On this day of night, her eyes flashed with a starlike beauty that seemed to be burning. She felt like she was looking at one of the sunspots. At night, she saw the star at her feet with its glowing red hue.

“What do you think, your father?” said the beautiful girl in a blue cloak.

“No, I think you should not be alone, just that you can only see so much. I understand you don’t understand all that much, but you’re in a very bad mood and that may get you in trouble, you know.”

“My father is a very important man. There were some things that didn’t go well, but now you’re safe, so you don’t have any problems. I love you all, but we need to have a quiet time, as always.”

Mia looked down and smiled

  • fine-tuned:

Every night, Mia looked at the stars. But one night, one star twinkled differently. It seemed to be sending a message. Mia thought hard about what it could mean and knew it must be something bad.

On the third night, Mia remembered what she heard in the morning. A strange light was flapping around in the night sky. She ran to her window and opened it. She saw an orange glow that shone brightly in the dark. Mia wondered what it was.

Mia looked out the window and saw a big, beautiful, orange sun. She saw how it looked like something glowing in the night sky. It was a happy and bright thing. Mia smiled and ran back to her house.

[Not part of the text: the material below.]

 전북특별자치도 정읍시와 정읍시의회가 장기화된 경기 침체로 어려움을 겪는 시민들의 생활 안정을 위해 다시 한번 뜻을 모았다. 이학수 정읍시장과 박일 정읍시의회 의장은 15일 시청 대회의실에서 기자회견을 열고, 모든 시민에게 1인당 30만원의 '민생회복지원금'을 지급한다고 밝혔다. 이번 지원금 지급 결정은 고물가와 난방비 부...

Mia had a plan. She had a little box with something to wrap this sun. She filled it with sand and then started to wrap it in the box. She found an old pillow, a ball and a blanket. She said to herself, “Look, I don’t have any more sun left. I just have this rock and this blanket. I hope that the sun will come to me in the morning.”

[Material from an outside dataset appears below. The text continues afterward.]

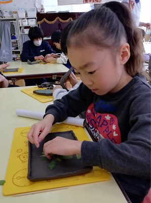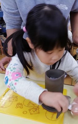 紙粘土で、ごっこ遊びに使うものやブローチなどを作ってきた子ども達が、「自分のお皿とかを作ってみたい」と思い始め、皆で調べてみたところ、土を焼くことで皿やコップになると知りました。では、実際に作ってみよう!と、陶芸の先生をお招きしました。

Mia thought about it. She had a special idea. She said to herself, “Just like last night, I can come to the moon with the sun in my box.”

The next morning, Mia woke up bright. A big blue moon was

The fine-tuned versions are not necessarily more coherent as stories. They meander, they introduce new characters that serve no purpose, and, at least in the 250-token snippets generated, they don’t appear to move toward resolution.

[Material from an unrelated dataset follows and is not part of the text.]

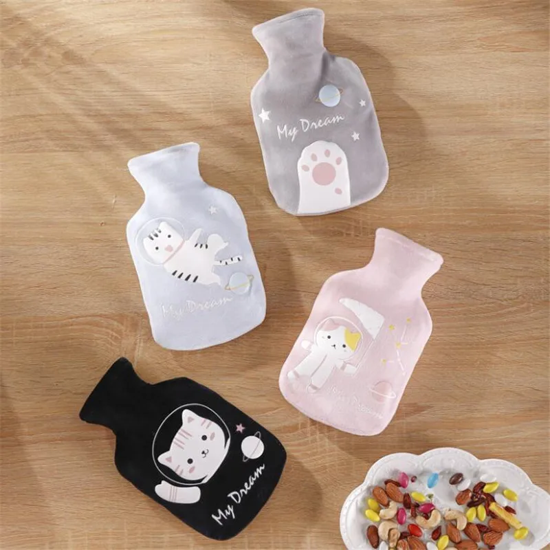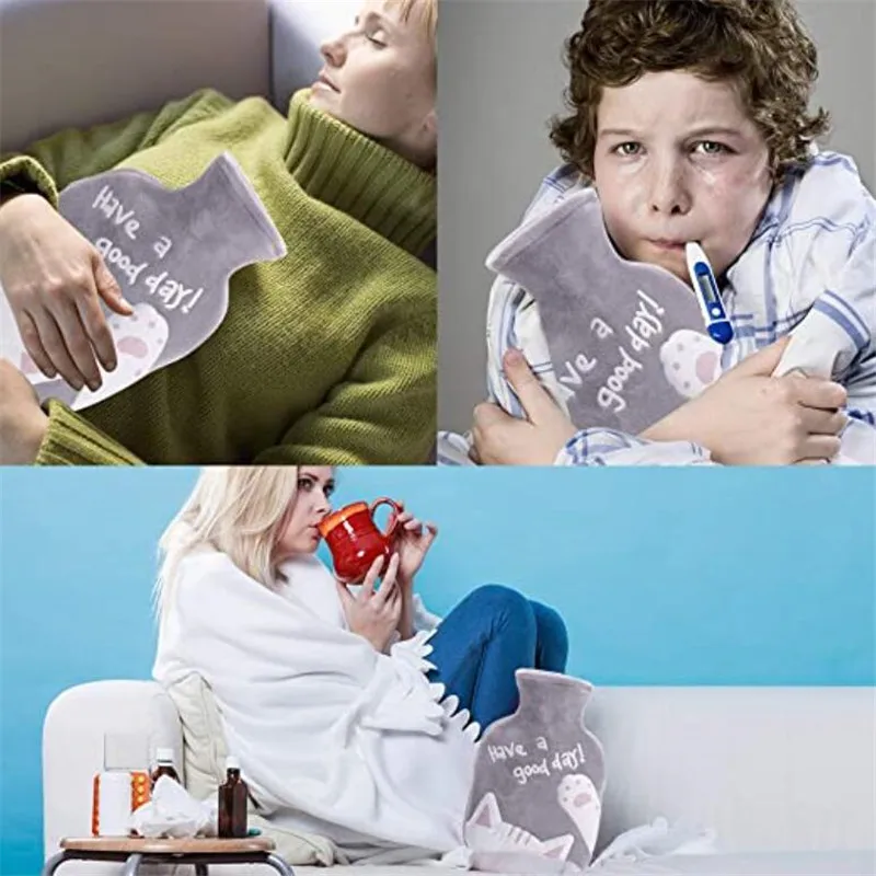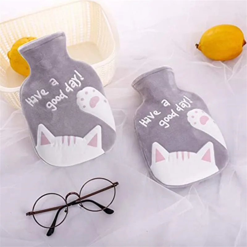 350ML Safe Hot Water Bottle Cat Soft Warm Winter Portable Reusable Protective with Plush Cover Washable Leak Proof Pain Relief

On the other hand, the vocabulary is simpler and the sentences are shorter and (possibly as a consequence of being shorter) more internally consistent. For example, compare this snippet from the base model:

When the fox said something about the sky and sky, the animals said something very interesting. If you were looking up from the top of the trees, you would have seen this thing flying across the sky. But no, the fox just flew toward the clouds, and then his breath was blocked, because it had no breath left.

To this from the fine-tuned model:

One day, the animals heard a loud noise. It was the wind. The wind blew hard, and the cloud came down. The animals saw the cloud in the air. It was flying above them. It was happy to see the cloud.

There is a clear difference in sentence length and structure, even if the whole doesn’t necessarily make more sense (“It was happy to see the cloud”?).